Monday 30 August 2010

Role-play plate- surfing

'Plate riding' is our latest ELI+ activity. Stand on the floor facing in the direction the plate that you live on is moving (you might have to find out this direction beforehand, using the plate map provided in the activity and a magnetic compass).
Pretend you are balancing on a surfboard and ask the students a series of questions e.g. Which plate am I standing on? How fast am I going? In which direction am I travelling?
This is one of many plate tectonics activities now on our website.

Monday 23 August 2010

Two plates (biscuits) move away from each other

Try our latest Earthlearningidea and watch two halves of biscuit move away from each other. This activity investigates what happens when a viscous material (the syrup) is heated and rises, with the resultant moving apart of floating objects (broken biscuit) above it. This can be related to a rising plume of hot material beneath a constructive plate margin.
Try this yourselves and let us know how you get on. There are now lots of Earthlearningideas to help pupils to understand plate tectonic theory - just visit our website.

Monday 16 August 2010

A plate tectonic constructive (divergent) margin is marked by a ridge with a rift valley running down the middle of it. It is also associated with shallow focus earthquakes, high heat flow and vulcanicity. Where a constructive plate margin occurs on land, the land masses on either side of it are moving apart at a rate which can be measured directly, as in Iceland (usually at a rate of a few centimetres per year). Try our latest Earthlearningidea, 'A 'mantle plume' in a beaker'. Ask your students to try to visualise what might be happening out of sight, below the plate margin. Then explain that this activity tries to model some of the processes. Remind them that the mantle is essentially solid, but that we shall be using a viscous liquid, in order to speed things up to fit the time scale of the lesson!
There are many other plate tectonics activities on our website - just search the Keyword Index.

Monday 9 August 2010

Another supercontinent

Have you tried to reassemble this supercontinent? Try our latest Earthlearningidea 'The continental jigsaw puzzle'. What evidence is there that these continents were once joined together?

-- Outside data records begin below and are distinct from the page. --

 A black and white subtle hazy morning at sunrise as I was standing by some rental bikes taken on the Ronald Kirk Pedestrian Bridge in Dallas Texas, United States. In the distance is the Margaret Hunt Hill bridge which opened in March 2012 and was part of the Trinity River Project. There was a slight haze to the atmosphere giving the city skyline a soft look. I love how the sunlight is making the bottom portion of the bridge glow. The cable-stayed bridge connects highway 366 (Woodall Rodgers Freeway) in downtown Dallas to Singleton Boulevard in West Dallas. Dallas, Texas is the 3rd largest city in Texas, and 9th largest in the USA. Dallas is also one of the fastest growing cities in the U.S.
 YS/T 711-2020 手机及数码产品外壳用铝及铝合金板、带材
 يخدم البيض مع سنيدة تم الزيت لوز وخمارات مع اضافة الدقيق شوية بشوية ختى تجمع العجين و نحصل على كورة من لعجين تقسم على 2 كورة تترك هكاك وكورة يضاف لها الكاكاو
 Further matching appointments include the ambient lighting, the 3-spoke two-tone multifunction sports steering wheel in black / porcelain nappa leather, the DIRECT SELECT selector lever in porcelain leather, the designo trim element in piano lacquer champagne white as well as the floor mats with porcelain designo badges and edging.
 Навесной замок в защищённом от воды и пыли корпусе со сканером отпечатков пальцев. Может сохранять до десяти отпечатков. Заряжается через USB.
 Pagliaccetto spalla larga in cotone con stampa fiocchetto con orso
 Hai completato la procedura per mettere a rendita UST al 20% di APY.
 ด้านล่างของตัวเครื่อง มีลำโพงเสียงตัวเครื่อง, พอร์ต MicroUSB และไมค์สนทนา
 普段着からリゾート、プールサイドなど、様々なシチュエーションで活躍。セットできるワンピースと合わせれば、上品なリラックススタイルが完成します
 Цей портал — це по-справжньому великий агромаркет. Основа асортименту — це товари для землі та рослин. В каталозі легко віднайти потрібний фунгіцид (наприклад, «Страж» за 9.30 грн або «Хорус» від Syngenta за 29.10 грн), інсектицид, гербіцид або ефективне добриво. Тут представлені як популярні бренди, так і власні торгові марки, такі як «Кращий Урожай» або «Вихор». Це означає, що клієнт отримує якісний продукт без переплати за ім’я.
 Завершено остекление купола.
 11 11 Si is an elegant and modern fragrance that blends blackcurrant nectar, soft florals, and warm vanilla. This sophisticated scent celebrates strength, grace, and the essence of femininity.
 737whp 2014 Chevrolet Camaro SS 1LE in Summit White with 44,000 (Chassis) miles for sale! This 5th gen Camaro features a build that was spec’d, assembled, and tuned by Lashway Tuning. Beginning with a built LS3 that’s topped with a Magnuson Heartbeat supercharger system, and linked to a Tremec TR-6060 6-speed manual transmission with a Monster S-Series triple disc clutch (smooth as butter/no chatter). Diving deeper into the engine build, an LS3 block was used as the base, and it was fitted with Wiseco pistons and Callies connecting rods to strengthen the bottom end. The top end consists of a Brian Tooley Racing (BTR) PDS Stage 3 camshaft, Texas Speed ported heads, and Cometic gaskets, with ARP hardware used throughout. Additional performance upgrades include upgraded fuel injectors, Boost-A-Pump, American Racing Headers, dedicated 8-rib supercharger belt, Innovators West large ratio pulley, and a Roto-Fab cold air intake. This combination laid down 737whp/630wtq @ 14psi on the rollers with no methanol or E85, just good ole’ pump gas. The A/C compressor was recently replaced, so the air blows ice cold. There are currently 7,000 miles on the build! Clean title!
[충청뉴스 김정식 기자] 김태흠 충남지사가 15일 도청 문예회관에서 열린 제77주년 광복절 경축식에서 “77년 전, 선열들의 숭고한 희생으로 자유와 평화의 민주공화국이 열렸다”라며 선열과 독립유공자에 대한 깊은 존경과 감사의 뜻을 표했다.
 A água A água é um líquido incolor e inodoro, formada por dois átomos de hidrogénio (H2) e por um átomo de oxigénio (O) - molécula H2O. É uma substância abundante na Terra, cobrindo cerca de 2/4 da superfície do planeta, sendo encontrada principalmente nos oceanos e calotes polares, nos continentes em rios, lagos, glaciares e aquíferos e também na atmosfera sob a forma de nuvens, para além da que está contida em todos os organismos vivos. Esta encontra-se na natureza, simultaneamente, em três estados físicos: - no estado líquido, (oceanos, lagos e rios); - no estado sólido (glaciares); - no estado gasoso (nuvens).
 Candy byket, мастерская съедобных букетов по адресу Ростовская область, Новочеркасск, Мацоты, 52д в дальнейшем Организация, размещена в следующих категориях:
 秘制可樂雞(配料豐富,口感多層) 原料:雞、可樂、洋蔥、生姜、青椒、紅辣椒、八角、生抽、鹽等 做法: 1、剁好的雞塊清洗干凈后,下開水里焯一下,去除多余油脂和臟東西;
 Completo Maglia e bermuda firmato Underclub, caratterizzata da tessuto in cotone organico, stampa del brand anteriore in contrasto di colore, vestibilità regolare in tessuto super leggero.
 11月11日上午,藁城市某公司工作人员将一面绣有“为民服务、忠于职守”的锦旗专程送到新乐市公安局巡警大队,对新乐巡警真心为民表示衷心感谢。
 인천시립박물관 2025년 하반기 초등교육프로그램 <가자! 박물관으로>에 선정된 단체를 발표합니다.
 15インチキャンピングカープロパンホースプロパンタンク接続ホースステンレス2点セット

Pupils might suggest fossils of comparable land animals that could not have swum across an ocean, rocks of the same type and age that match, fold belts which seem to stop at the coast only to reappear on the other side of the ocean, evidence of ancient climates such as red desert beds or rocks formed in tropical forest environments.
Visit our website for other free, practical teaching ideas.

Monday 2 August 2010

Supercontinent from a jigsaw puzzle?

Can you reassemble a supercontinent from a jigsaw puzzle? Try our latest ELI+ Earthlearningidea - 'The continental jigsaw puzzle'. This activity allows discussion of 'continental drift' theory, which is now regarded as part of the overarching theory of plate tectonics. The activity provides a useful introduction to more technical aspects of the theory and can be used at all levels of pupils' attainment.
This is one of many Earthlearningideas about plate tectonic theory.